Shadow Banking: The Underground Banking System

Different cultures have different ways of banking. Western culture began the use bank houses early during the Renaissance period, and in some cases before then. This essentially involved a central money-keeper institution that would protect funds as well as lend for a fee. That model is essentially carried forward to today with modern banks and credit unions. However, it is not the only model of banking; traditional western banking simply represents the financial model that governments endorse. There are other methods as well.

Underground banking has long been associated in the West with the laundering of illegal funds to make them appear legal. This involves taking illegitimate funds and investing them into a business or legal entity, making the funds look like revenue. The money then comes out of the business as legal currency that can be used without worry, especially from tax agencies and law enforcement.

However, other forms of underground banking have existed for centuries as well. In Asia, for example, curbside banking has long provided the means for micro-businesses to get started via person-to-person loans. These loans often involve much higher interest charges, but they are also less stringent in terms of application criteria. In a common example, a small merchant goes to a curbside banker for financial assistance. A deal is struck, the amount provided, and the curbside banker then earns profit on the payments coming back. The difference though is there is no government regulation, taxes, or scrutiny. So the curbside banker earns a far greater profit faster.

The curbside banker relies on a couple of factors to be successful. First, the borrowers and the banker are part of a tight community. They don’t just lend to anyone. The borrower and lender are well known to each other in a small social group. The success of the shadow banking system depends on this community supporting the system. Unlike pawn shops, loan sharks or similar, the curbside banker is desired by his customers and protected. That makes the system work.

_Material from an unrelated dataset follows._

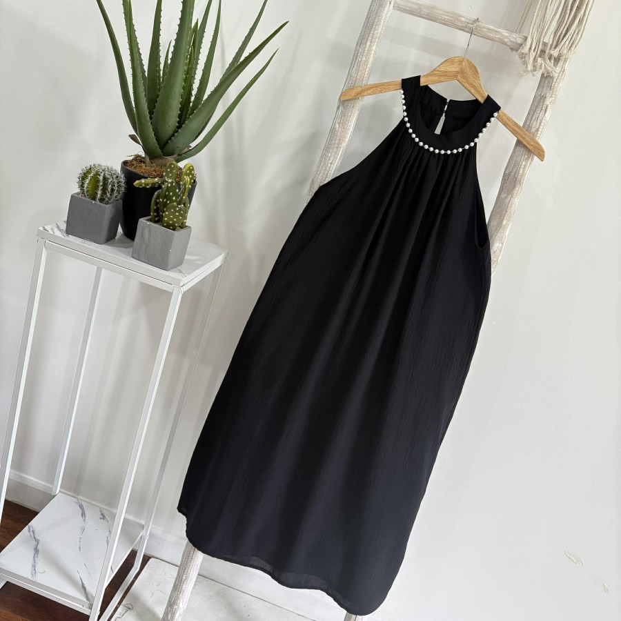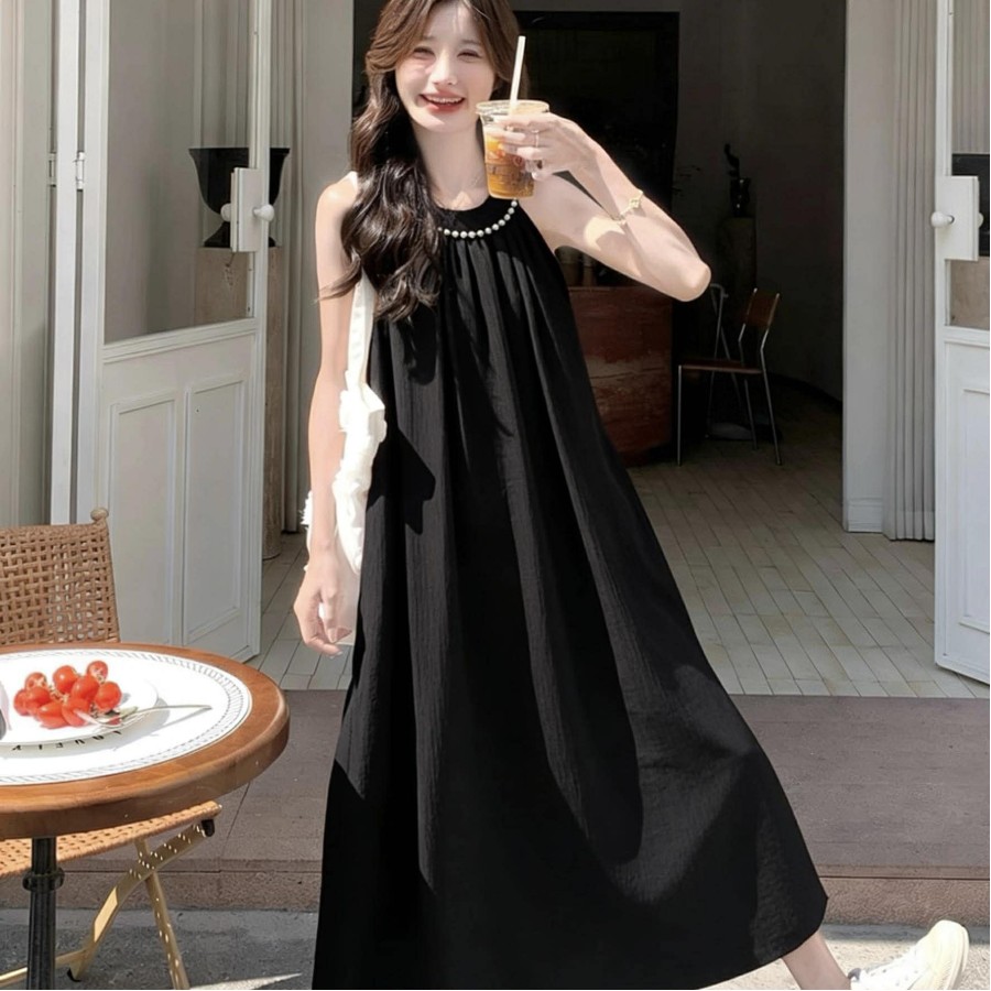 Halter Neck Pearl Loose Dress

While the curbside banking model can be quite useful for everyone involved, it’s also very risky. Bankers can be exposed and arrested by disgruntled borrowers who turn on them. Small businesses can be put out of operation by lending rates that quickly get too expensive to pay back. Borrowers can also default, taking off with the funds and there is little recourse aside from illegal activity to get the money back. However, the shadow banking system still works despite the potential problems. And where it does, the profits are huge.

The demand doesn’t often weaken either. There are plenty of people in every culture who need financing but can’t meet traditional borrowing standards or criteria. That doesn’t negate their need; it makes it more desperate. And, unfortunately, it’s starting to catch on in the Western world.